• PROVIDED RECORDS:
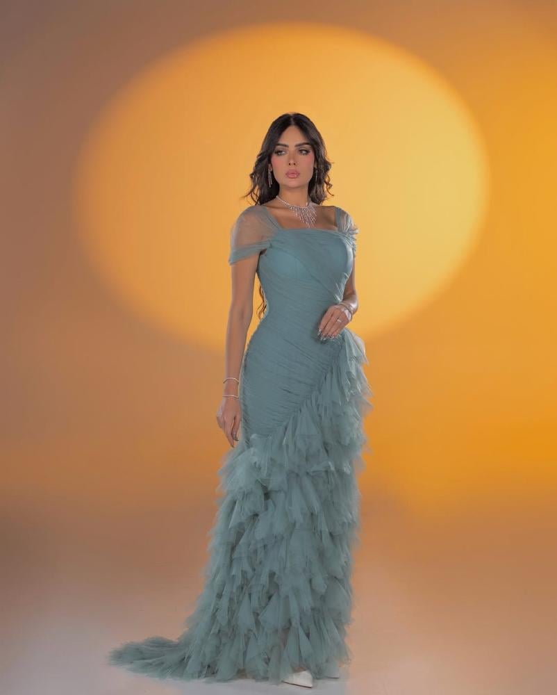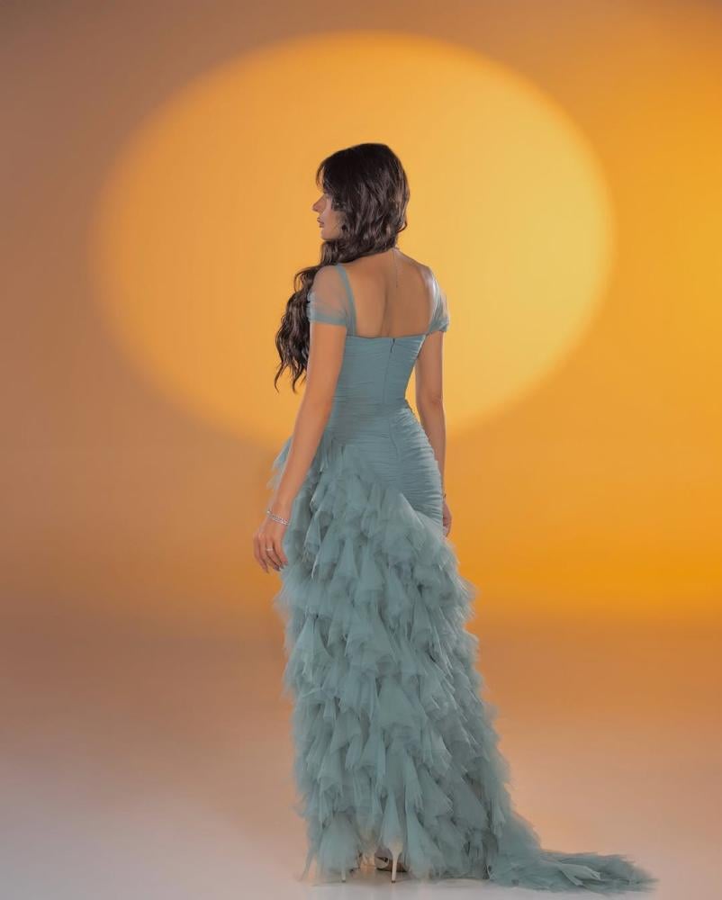 الجزء السفلي من الفستان منسدل بشكل انسيابي، مما يمنح الحركة راحة وأناقة. الإطلالة تكتمل بحقيبة صغيرة باللون الأبيض لتوفير تباين أنيق، مع اختيار تصفيفة شعر كلاسيكية تضيف لمسة من الفخامة والأنوثة.
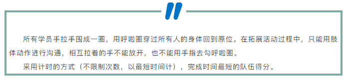 一圈到底是在沉默中“手舞足蹈”,大家用肢體語言進(jìn)行溝通,身體彎曲鉆過呼啦圈,呼啦圈在一個(gè)又一個(gè)的隊(duì)員中穿梭而過。
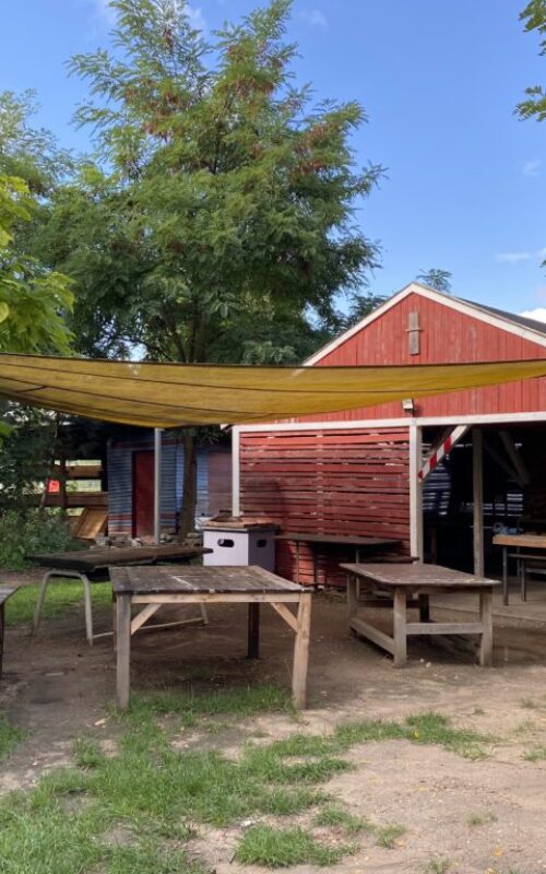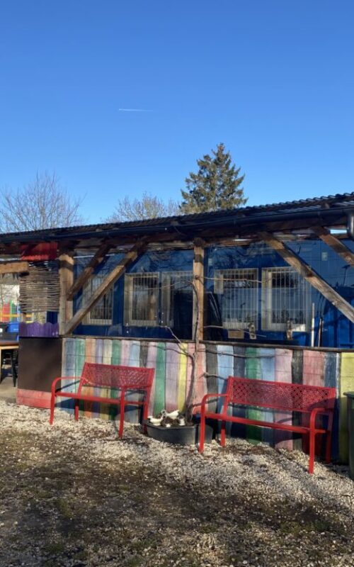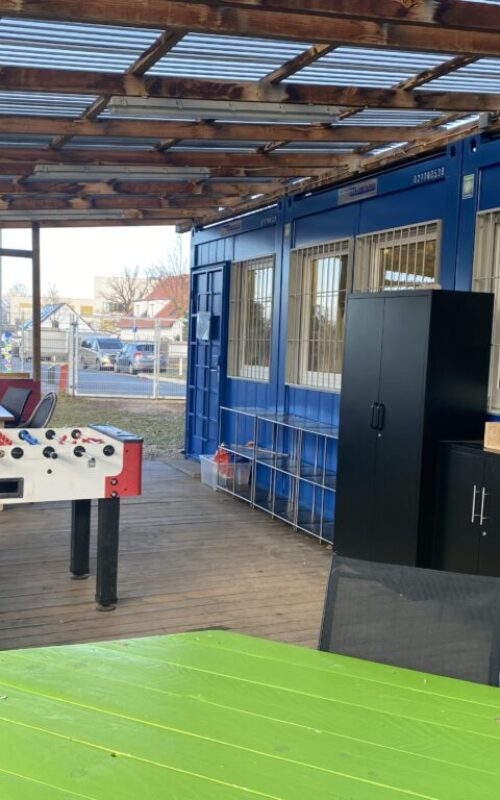 Im Eingangsbereich ist eine kleine Containeranlage mit sanitären Anlagen, einer Küchenzeile, einer Büroecke und Spiel- bzw. Basteltischen aufgestellt. Zusätzlichen Platz schafft eine angebaute, überdachte Terrasse mit offenen Regalen und Sitzgelegenheiten, sowie einem Kickertisch.
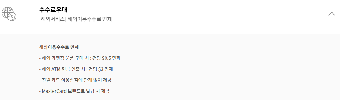 - 해외 가맹점 물품 구매 시 : 건당 $0.5 면제
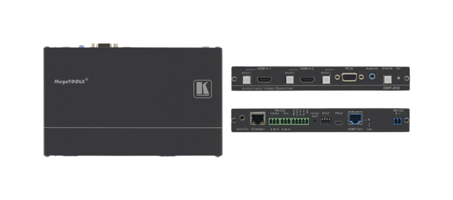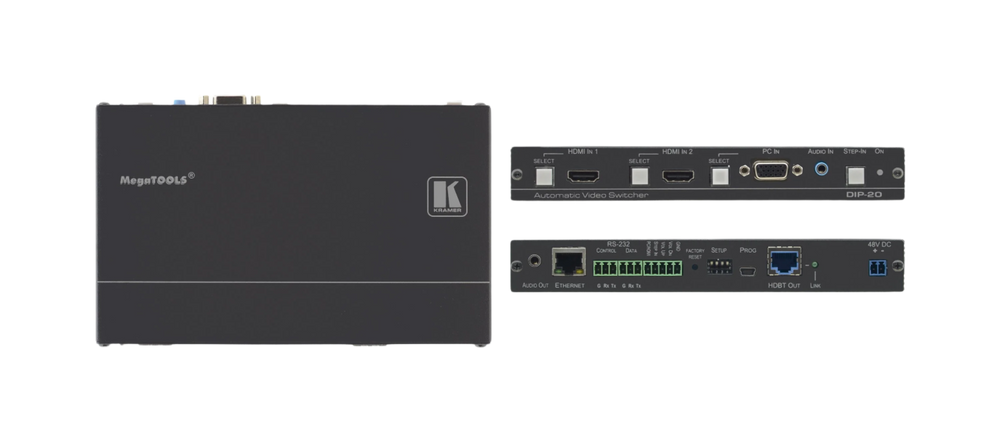 DIP 20 is a high−performance multi−format switcher transmitter of 4K video signals over extended−reach HDBaseT. Offering intelligent Maestro application, with priority and last−connected switching options, it automatically switches and operates room according to the selected switching scheme based on active video signal detection.
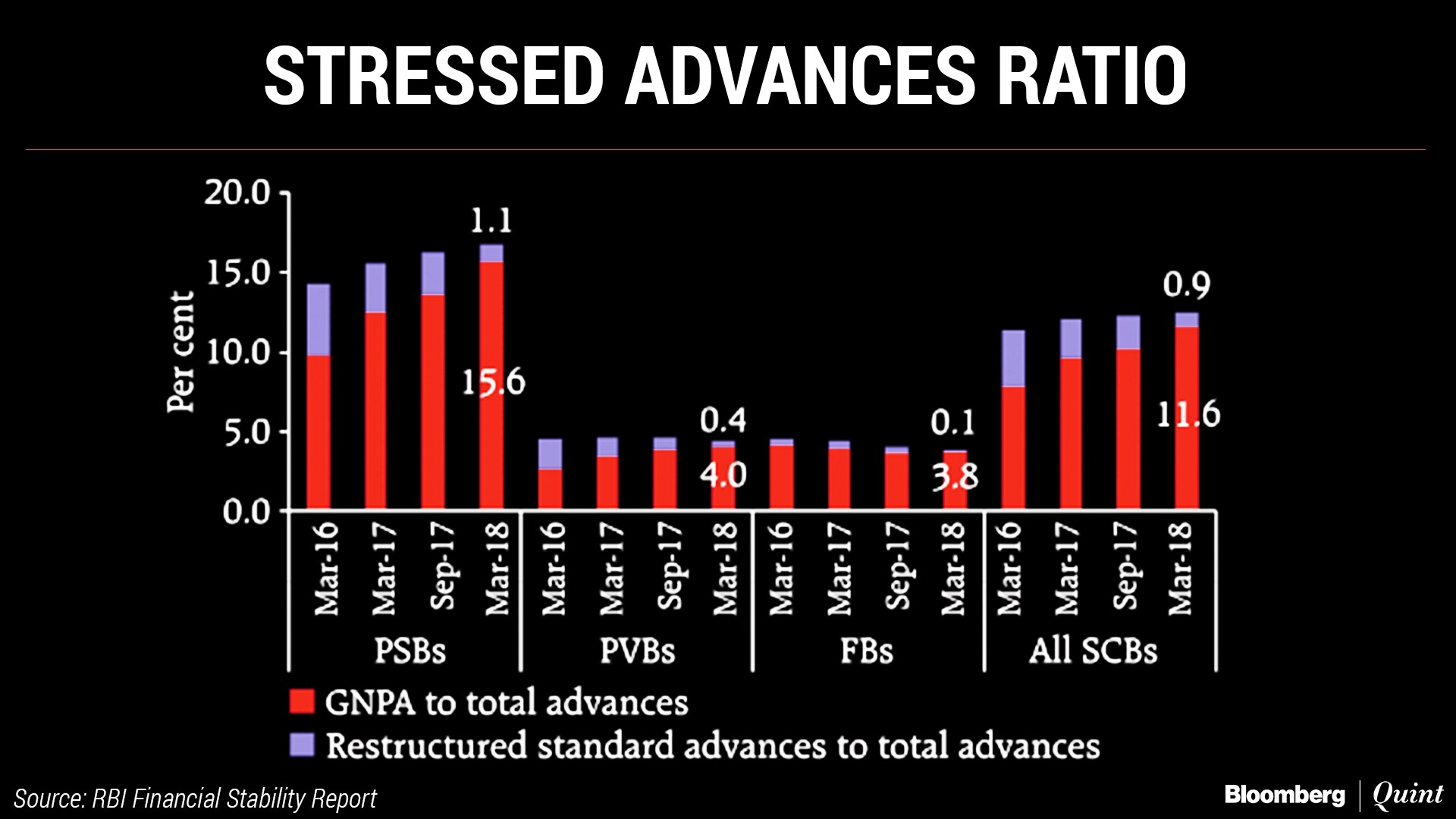 Following the detailed review started by the RBI, banks saw their NPA figures shoot up drastically. Between the quarter ended September 2015 and the quarter ended March 2018, gross NPAs of all listed banks have gone up from Rs 3.4 lakh crore to Rs 10.2 lakh crore, shows data compiled by BloombergQuint.

• HOW TO COMPLETE THIS TASK: In the data above, please extract the lines from the first one through the line with "DIP 20 is a", exactly, and keep pictures out.

• ANSWER FOR THE TASK:
 الجزء السفلي من الفستان منسدل بشكل انسيابي، مما يمنح الحركة راحة وأناقة. الإطلالة تكتمل بحقيبة صغيرة باللون الأبيض لتوفير تباين أنيق، مع اختيار تصفيفة شعر كلاسيكية تضيف لمسة من الفخامة والأنوثة.
 一圈到底是在沉默中“手舞足蹈”,大家用肢體語言進(jìn)行溝通,身體彎曲鉆過呼啦圈,呼啦圈在一個(gè)又一個(gè)的隊(duì)員中穿梭而過。
 Im Eingangsbereich ist eine kleine Containeranlage mit sanitären Anlagen, einer Küchenzeile, einer Büroecke und Spiel- bzw. Basteltischen aufgestellt. Zusätzlichen Platz schafft eine angebaute, überdachte Terrasse mit offenen Regalen und Sitzgelegenheiten, sowie einem Kickertisch.
 - 해외 가맹점 물품 구매 시 : 건당 $0.5 면제
 DIP 20 is a high−performance multi−format switcher transmitter of 4K video signals over extended−reach HDBaseT. Offering intelligent Maestro application, with priority and last−connected switching options, it automatically switches and operates room according to the selected switching scheme based on active video signal detection.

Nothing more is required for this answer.